Segment Start: INPUT DATA

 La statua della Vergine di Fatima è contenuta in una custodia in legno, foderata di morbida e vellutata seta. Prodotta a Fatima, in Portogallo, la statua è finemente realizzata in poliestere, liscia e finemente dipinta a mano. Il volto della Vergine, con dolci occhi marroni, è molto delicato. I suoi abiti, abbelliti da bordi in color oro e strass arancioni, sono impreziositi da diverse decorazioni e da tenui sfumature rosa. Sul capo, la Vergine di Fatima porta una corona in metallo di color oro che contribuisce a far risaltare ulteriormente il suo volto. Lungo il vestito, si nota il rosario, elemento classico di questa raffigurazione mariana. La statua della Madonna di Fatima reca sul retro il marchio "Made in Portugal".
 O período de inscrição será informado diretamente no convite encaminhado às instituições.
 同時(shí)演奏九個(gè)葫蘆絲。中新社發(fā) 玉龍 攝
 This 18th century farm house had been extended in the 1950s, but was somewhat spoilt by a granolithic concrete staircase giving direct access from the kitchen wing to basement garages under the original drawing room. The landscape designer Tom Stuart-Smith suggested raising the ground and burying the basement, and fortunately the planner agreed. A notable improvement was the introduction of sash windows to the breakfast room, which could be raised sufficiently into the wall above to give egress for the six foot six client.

Segment End: INPUT DATA
Segment Start: INPUT DATA

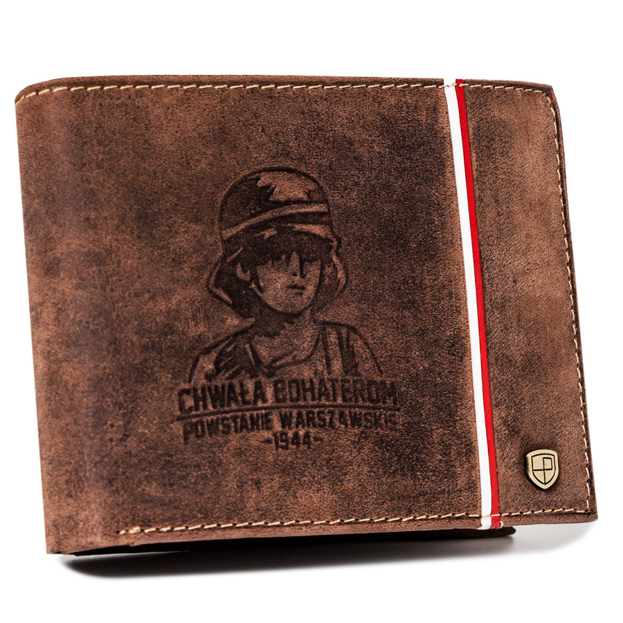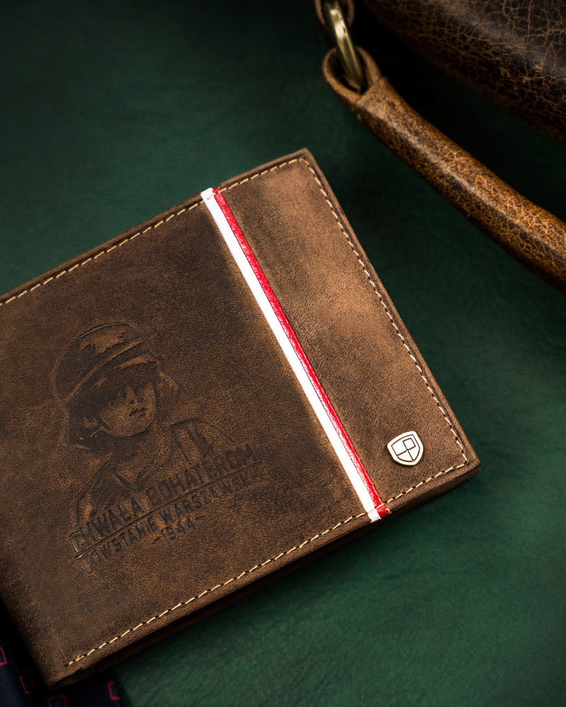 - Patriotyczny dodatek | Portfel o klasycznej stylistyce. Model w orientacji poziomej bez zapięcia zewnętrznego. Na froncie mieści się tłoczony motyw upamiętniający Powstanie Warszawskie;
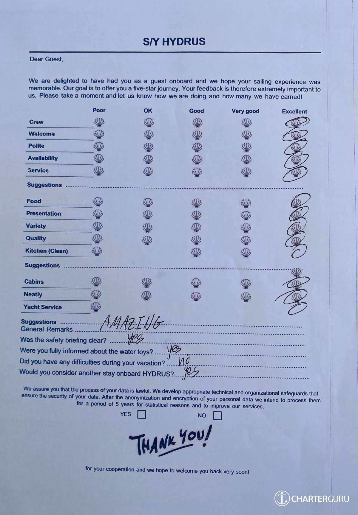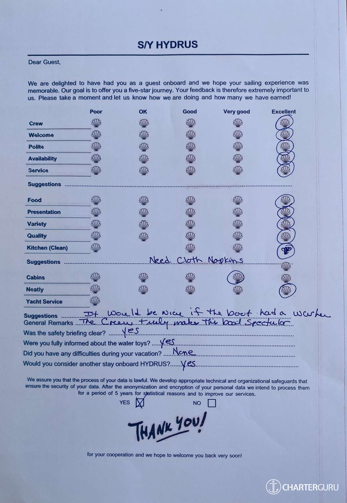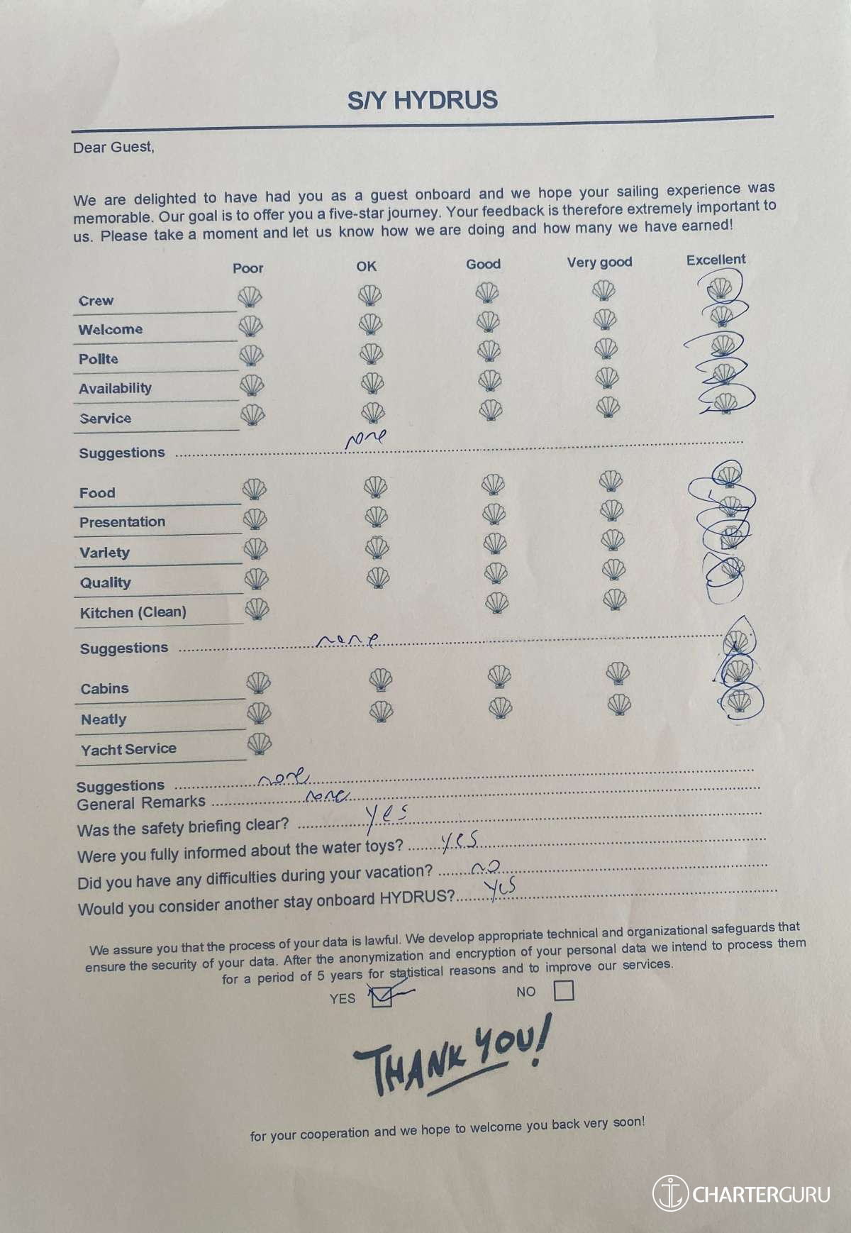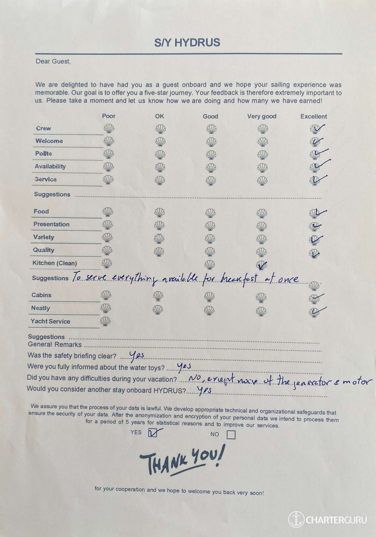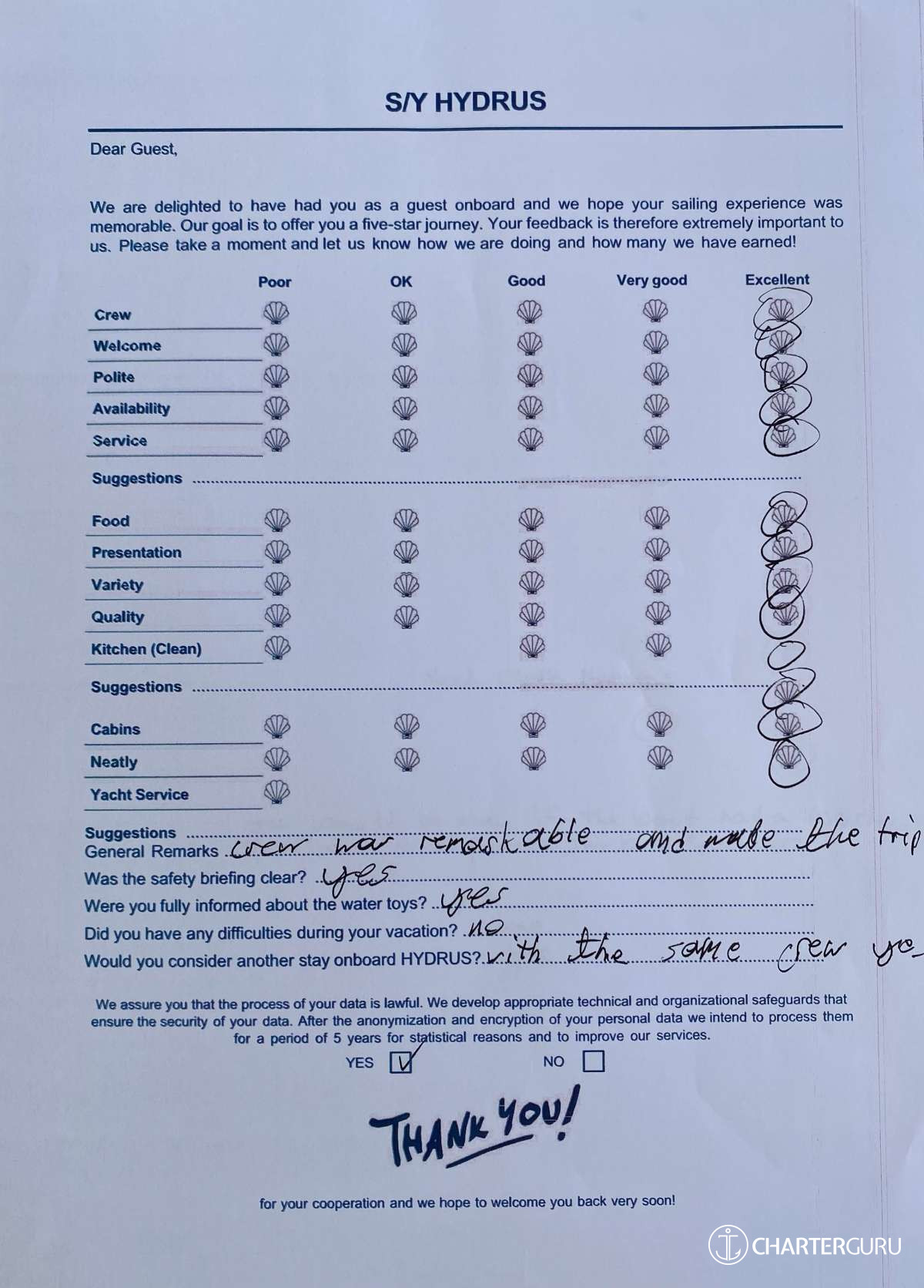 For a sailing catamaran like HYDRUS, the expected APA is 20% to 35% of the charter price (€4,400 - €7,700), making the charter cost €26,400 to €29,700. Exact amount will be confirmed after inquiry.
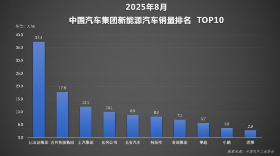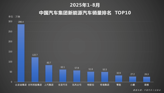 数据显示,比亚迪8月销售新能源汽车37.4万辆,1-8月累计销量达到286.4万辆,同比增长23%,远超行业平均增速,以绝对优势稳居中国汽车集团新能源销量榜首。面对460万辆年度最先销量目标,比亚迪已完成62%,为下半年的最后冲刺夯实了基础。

Segment End: INPUT DATA

Quote the lines above exactly, starting with the one that has "For a sailing" and ending with the one that has "数据显示,比亚迪8月销售新能"; drop the pictures and include nothing else.

▶ [SOLUTION TO THE EXERCISE]:
 For a sailing catamaran like HYDRUS, the expected APA is 20% to 35% of the charter price (€4,400 - €7,700), making the charter cost €26,400 to €29,700. Exact amount will be confirmed after inquiry.
 数据显示,比亚迪8月销售新能源汽车37.4万辆,1-8月累计销量达到286.4万辆,同比增长23%,远超行业平均增速,以绝对优势稳居中国汽车集团新能源销量榜首。面对460万辆年度最先销量目标,比亚迪已完成62%,为下半年的最后冲刺夯实了基础。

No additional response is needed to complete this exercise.